**Exercise materials**.
=====

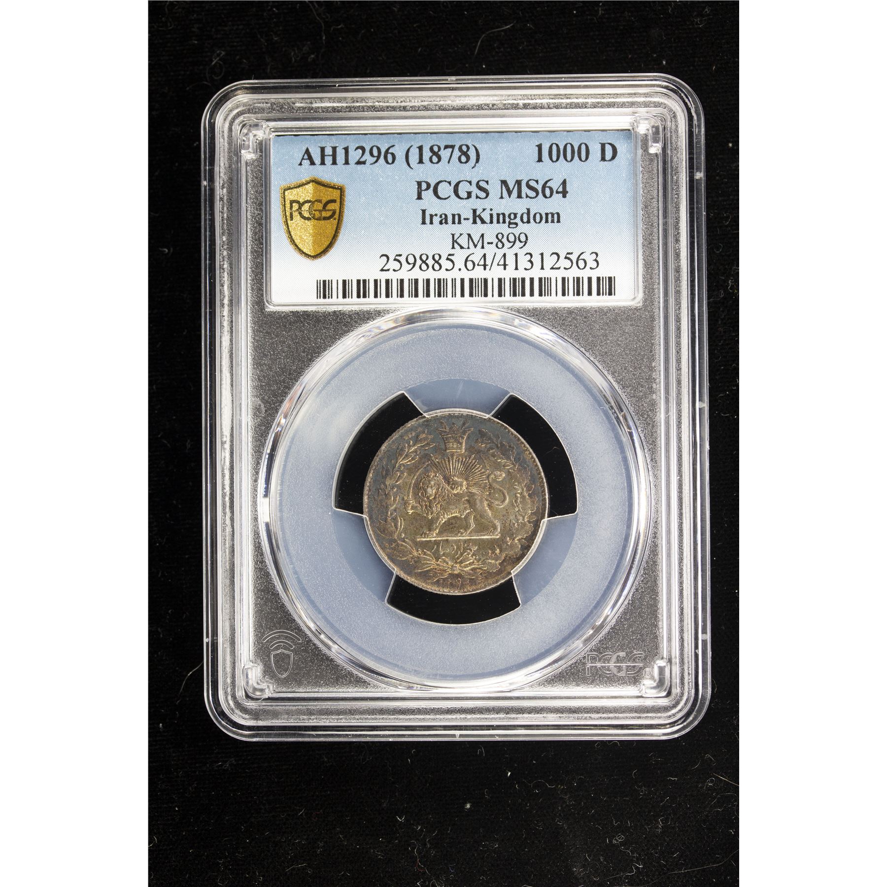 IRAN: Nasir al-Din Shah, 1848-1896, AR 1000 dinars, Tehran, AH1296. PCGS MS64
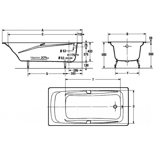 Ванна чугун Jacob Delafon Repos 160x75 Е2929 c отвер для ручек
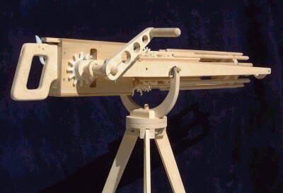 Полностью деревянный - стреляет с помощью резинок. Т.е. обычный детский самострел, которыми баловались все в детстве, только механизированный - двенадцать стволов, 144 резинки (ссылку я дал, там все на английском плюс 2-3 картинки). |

=====

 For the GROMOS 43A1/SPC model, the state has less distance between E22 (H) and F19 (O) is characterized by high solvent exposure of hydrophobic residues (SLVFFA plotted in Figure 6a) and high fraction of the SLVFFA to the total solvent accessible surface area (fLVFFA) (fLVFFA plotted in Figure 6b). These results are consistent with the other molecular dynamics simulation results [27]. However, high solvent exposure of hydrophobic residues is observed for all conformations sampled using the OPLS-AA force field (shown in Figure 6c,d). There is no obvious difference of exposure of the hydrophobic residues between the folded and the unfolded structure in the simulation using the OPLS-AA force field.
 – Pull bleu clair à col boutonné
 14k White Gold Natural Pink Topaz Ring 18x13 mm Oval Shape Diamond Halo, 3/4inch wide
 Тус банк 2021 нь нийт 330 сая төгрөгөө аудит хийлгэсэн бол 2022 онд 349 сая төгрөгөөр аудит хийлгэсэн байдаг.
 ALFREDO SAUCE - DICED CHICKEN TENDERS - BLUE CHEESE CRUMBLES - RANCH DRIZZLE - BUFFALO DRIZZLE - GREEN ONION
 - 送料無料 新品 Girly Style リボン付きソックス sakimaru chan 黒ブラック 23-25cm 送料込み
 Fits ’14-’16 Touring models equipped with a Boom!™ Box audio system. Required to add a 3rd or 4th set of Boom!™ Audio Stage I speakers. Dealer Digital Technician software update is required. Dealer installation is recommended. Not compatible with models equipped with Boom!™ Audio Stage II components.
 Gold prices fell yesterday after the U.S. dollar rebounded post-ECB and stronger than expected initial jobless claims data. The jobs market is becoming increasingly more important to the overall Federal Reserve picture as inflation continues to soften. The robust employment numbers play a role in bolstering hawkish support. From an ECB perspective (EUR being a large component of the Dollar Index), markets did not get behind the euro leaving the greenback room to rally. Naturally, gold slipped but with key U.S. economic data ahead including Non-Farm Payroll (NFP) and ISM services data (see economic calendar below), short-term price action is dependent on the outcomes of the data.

=====

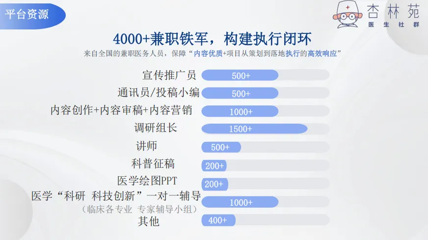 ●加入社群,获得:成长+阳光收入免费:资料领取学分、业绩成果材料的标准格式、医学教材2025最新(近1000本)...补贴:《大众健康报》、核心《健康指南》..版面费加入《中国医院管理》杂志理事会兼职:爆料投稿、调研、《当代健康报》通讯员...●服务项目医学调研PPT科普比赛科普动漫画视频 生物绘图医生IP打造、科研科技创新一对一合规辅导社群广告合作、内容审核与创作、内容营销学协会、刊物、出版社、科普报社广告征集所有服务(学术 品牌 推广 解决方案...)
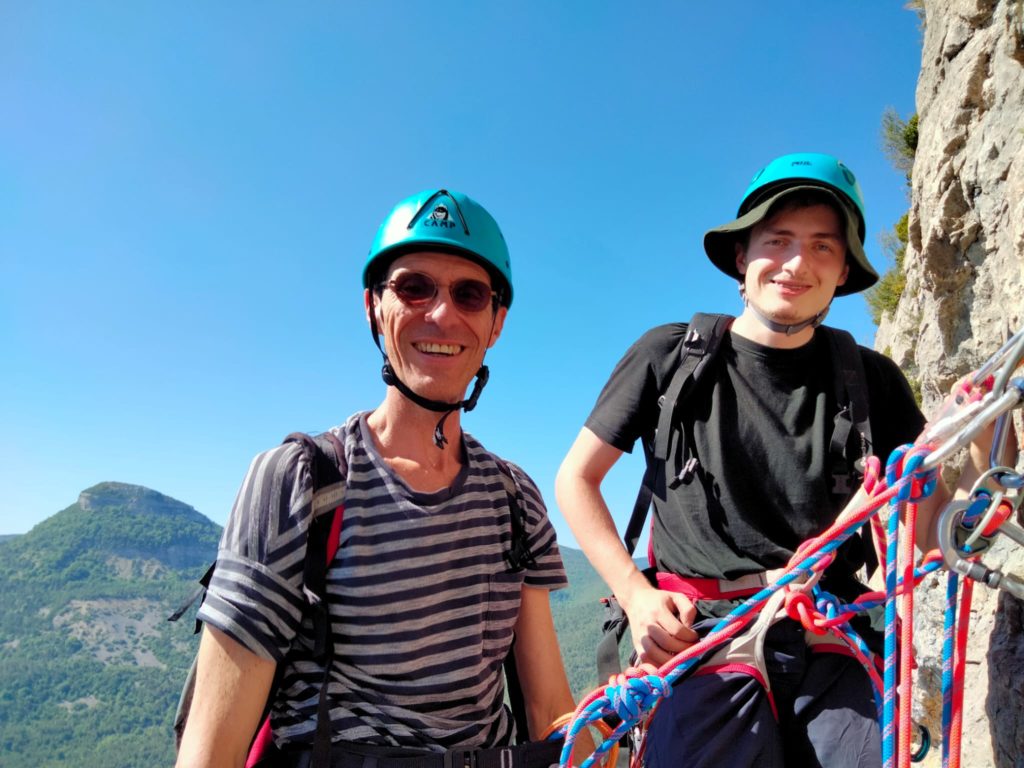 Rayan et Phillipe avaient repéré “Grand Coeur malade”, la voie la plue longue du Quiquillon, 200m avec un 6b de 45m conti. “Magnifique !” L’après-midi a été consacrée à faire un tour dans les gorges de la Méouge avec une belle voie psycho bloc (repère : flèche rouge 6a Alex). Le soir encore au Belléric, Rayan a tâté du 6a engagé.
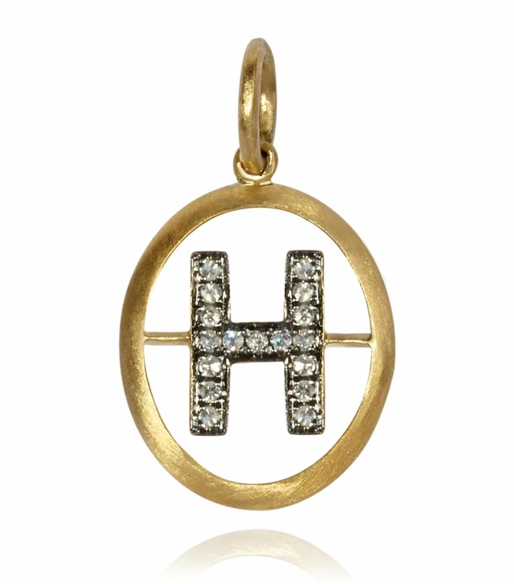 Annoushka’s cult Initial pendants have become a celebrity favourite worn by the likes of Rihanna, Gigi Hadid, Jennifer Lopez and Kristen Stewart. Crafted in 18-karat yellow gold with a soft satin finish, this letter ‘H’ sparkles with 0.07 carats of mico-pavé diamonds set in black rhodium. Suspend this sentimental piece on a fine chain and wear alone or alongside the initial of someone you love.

=====

**Directions for this task**. Each line in the entries above, starting at the line with "à col boutonné" and ending at the line with "Gold prices fell", is to be printed exactly, and only those lines.

**Result of this exercise**.
 – Pull bleu clair à col boutonné
 14k White Gold Natural Pink Topaz Ring 18x13 mm Oval Shape Diamond Halo, 3/4inch wide
 Тус банк 2021 нь нийт 330 сая төгрөгөө аудит хийлгэсэн бол 2022 онд 349 сая төгрөгөөр аудит хийлгэсэн байдаг.
 ALFREDO SAUCE - DICED CHICKEN TENDERS - BLUE CHEESE CRUMBLES - RANCH DRIZZLE - BUFFALO DRIZZLE - GREEN ONION
 - 送料無料 新品 Girly Style リボン付きソックス sakimaru chan 黒ブラック 23-25cm 送料込み
 Fits ’14-’16 Touring models equipped with a Boom!™ Box audio system. Required to add a 3rd or 4th set of Boom!™ Audio Stage I speakers. Dealer Digital Technician software update is required. Dealer installation is recommended. Not compatible with models equipped with Boom!™ Audio Stage II components.
 Gold prices fell yesterday after the U.S. dollar rebounded post-ECB and stronger than expected initial jobless claims data. The jobs market is becoming increasingly more important to the overall Federal Reserve picture as inflation continues to soften. The robust employment numbers play a role in bolstering hawkish support. From an ECB perspective (EUR being a large component of the Dollar Index), markets did not get behind the euro leaving the greenback room to rally. Naturally, gold slipped but with key U.S. economic data ahead including Non-Farm Payroll (NFP) and ISM services data (see economic calendar below), short-term price action is dependent on the outcomes of the data.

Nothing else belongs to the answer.